WORK INSTRUCTION →
Transcribe the entries below exactly, starting with the line that has "Ieena for Mac" and stopping after the line that has "Die Firma Hürlimann"; no pictures belong in the copy.

THE RECORDS →

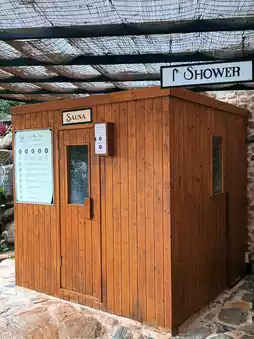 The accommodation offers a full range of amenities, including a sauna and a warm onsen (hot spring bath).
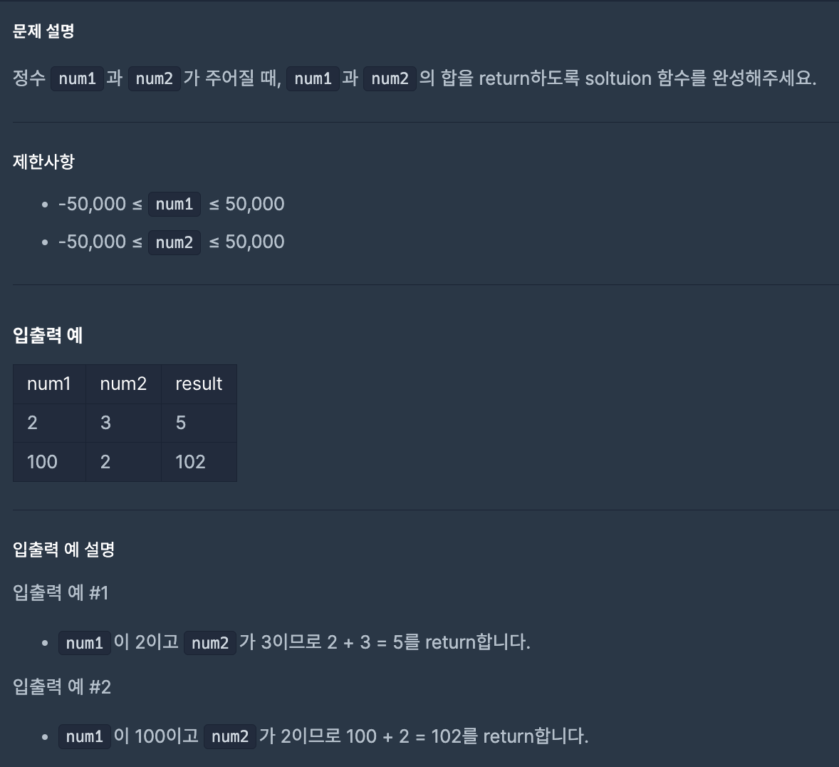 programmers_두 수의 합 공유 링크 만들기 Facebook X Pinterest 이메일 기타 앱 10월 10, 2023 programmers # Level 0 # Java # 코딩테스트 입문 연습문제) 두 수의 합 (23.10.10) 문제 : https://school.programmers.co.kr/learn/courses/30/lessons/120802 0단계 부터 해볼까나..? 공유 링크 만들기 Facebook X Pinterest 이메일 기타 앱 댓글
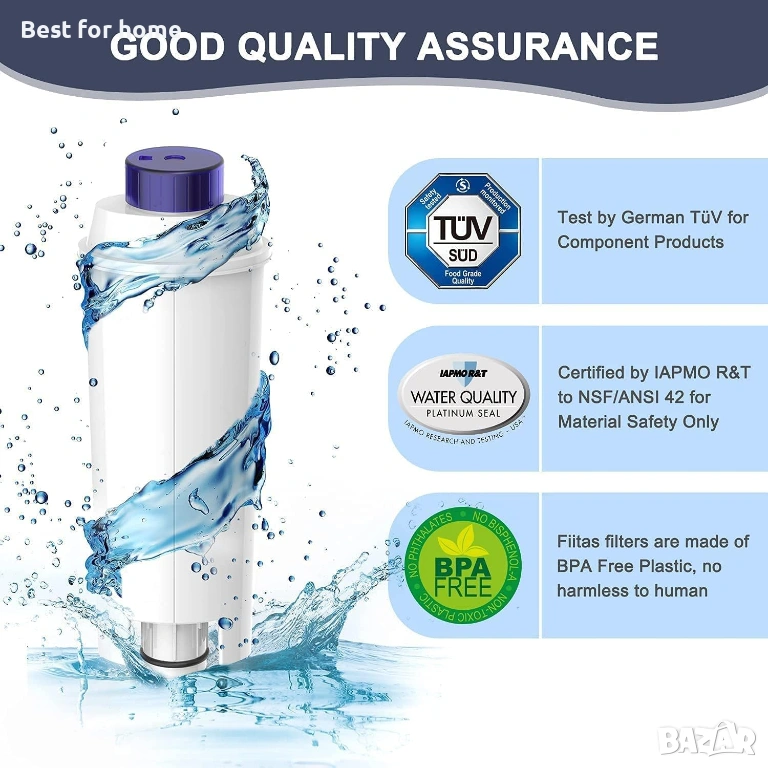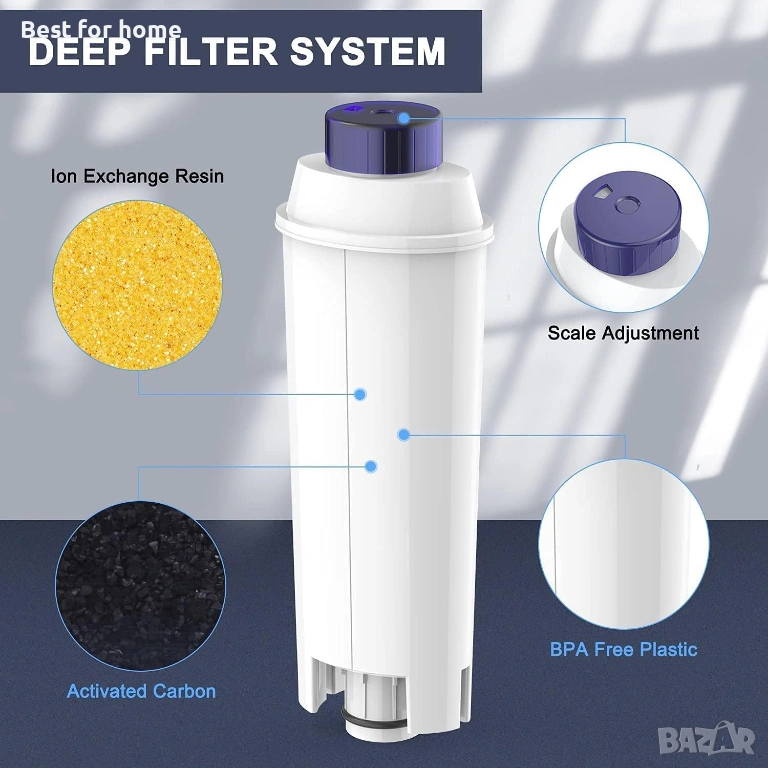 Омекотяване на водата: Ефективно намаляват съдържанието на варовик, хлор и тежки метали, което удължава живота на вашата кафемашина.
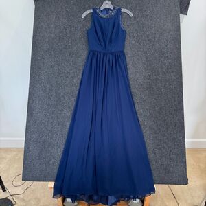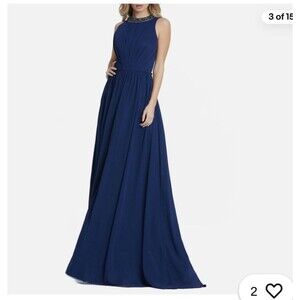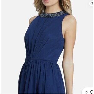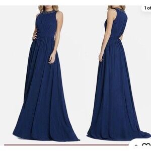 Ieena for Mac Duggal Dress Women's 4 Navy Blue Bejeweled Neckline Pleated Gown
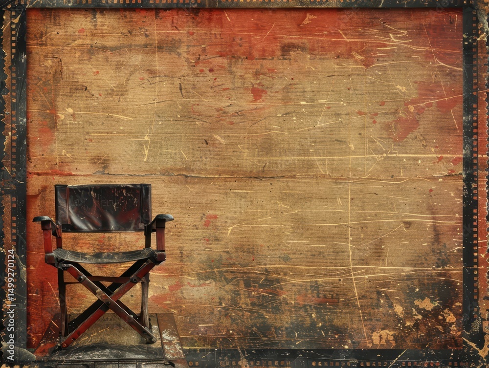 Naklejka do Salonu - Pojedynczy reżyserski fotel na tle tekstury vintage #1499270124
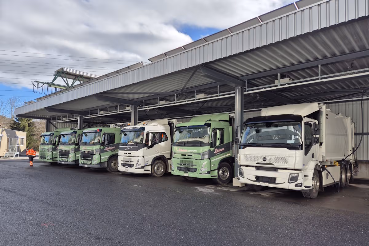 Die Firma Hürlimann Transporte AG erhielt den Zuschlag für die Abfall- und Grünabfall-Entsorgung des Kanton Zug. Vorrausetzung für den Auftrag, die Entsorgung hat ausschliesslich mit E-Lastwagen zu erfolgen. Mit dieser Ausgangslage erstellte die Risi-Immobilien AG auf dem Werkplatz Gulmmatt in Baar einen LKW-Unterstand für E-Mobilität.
--
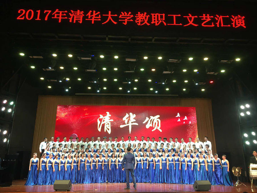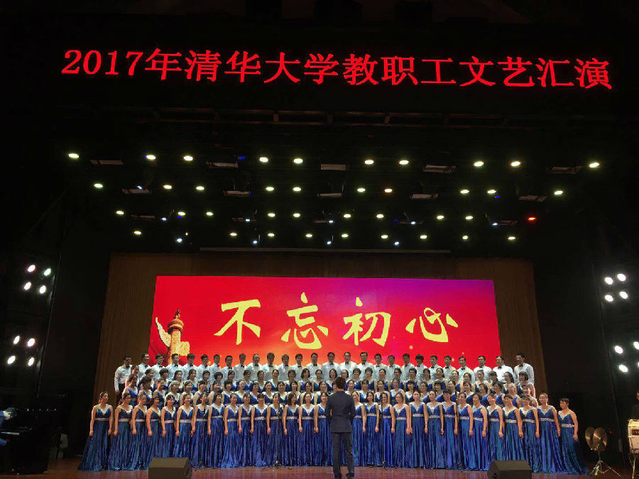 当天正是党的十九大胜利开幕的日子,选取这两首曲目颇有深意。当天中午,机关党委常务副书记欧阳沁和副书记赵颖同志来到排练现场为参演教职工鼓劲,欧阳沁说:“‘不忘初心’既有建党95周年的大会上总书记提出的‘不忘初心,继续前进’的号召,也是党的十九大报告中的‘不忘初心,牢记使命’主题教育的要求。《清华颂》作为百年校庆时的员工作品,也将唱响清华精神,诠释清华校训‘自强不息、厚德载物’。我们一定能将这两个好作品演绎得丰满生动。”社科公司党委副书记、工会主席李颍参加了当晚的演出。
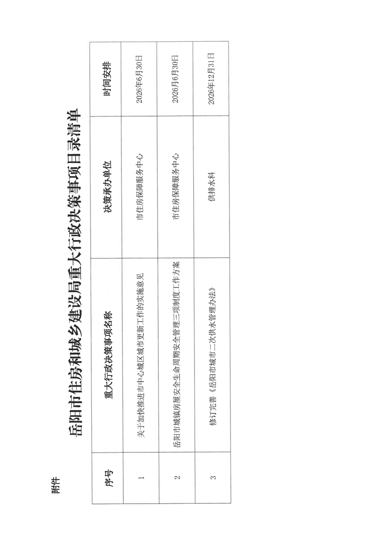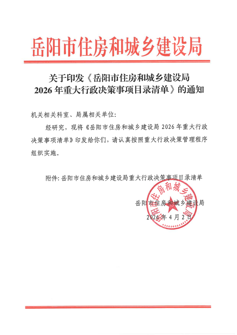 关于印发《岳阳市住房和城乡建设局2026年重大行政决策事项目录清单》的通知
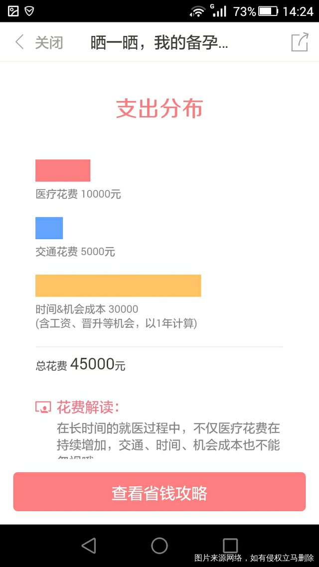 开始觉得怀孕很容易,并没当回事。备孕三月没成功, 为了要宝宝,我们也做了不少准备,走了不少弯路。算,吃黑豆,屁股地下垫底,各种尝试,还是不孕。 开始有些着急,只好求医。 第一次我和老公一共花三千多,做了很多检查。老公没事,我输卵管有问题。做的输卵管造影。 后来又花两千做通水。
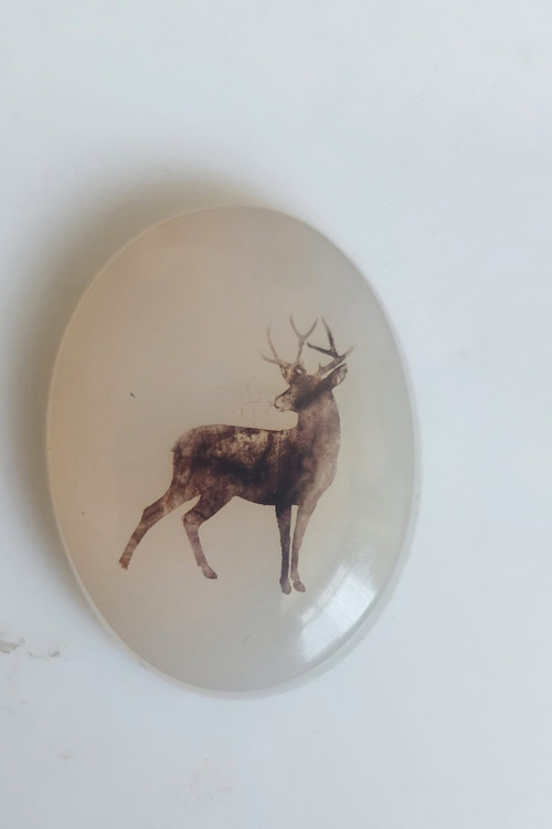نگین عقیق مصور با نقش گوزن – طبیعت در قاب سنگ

EXERCISE ANSWER →
 Ieena for Mac Duggal Dress Women's 4 Navy Blue Bejeweled Neckline Pleated Gown
 Naklejka do Salonu - Pojedynczy reżyserski fotel na tle tekstury vintage #1499270124
 Die Firma Hürlimann Transporte AG erhielt den Zuschlag für die Abfall- und Grünabfall-Entsorgung des Kanton Zug. Vorrausetzung für den Auftrag, die Entsorgung hat ausschliesslich mit E-Lastwagen zu erfolgen. Mit dieser Ausgangslage erstellte die Risi-Immobilien AG auf dem Werkplatz Gulmmatt in Baar einen LKW-Unterstand für E-Mobilität.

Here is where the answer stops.